Librarians have witnessed a dramatic change in students’ and researchers’ use of print materials housed in their collections. The convenience and immediacy of electronic texts has significantly altered both reading and research practices. Added to this are the space pressures higher education institutions are experiencing. More interactive classrooms, collaborative work spaces, places where interdisciplinary work can advance, digital humanities labs—all are in demand, but options for creating new spaces are severely limited due to financial constraints.

Amidst all of these changes, there are other unchanging factors to consider. For certain types of humanistic scholarship, the physical artifact—the book—needs to be available for study. Different editions, printings, bindings are important research considerations for these scholars. And for librarians, there continues to be an attachment to the size of the collection.

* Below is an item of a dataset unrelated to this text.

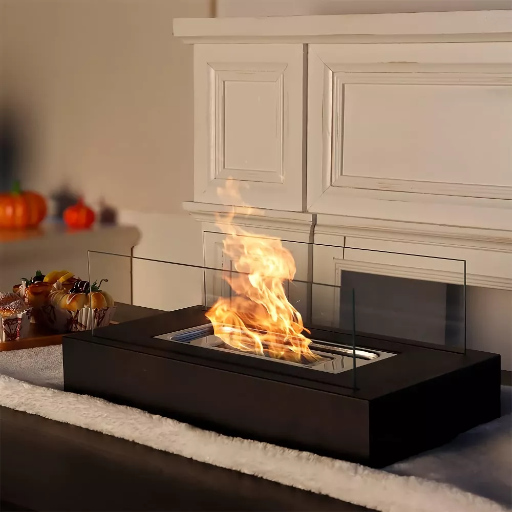 Our ethanol fireplace is distinguished by its ease of use and elegant design. It’s a rectangular bioethanol stove that’s both lightweight and durable, making it perfect for desktops or any room in your home. Its portability ensures you can also bring the warmth outdoors, ideal for gatherings, dinners, or simply relaxing under the stars.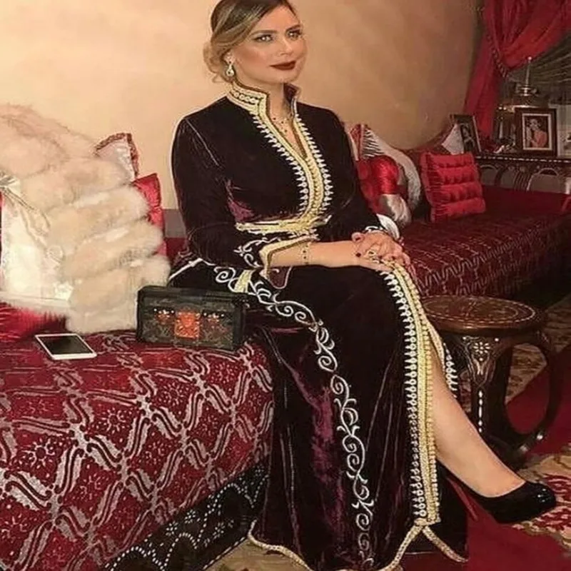 ^*Best Offers Karakou Algérien lange mouwen prom formele jurken 2020 bourgondië velvet gold lace applique caftan kaftan arabisch slit avondjurken

In describing the quality of a collection, so many librarians begin with its size.

The digital revolution, not surprisingly, has led to a clash of cultures that the Future of the Print Record white paper seeks to address. The working group acknowledges that electronic content is the preferred choice for a great many users, but libraries continue to have responsibilities to meet the research needs of all of their users, and print collections must be maintained for certain uses. A collaborative, large-scale approach is recommended to meet both sets of needs.

The working group readily acknowledges that it is not practical for every library to continue to maintain legacy print collections on their own. Instead, the group proposes a policy and governance structure that blends existing, high-density book facilities with strategically built and managed new facilities that would be operated as a coherent system that supports scholarship and learning.

The Modern Language Association is soliciting comments from the community by January 31, 2017. An open discussion of the report is scheduled for the annual MLA conference in Philadelphia on Friday, January 6, 2017, at 1:45 p.m. in the Philadelphia Marriott Downtown, room 401–403.

This is an opportunity for the library and academic communities to develop a collaborative strategy to ensure that the print cultural heritage is maintained in a digital world.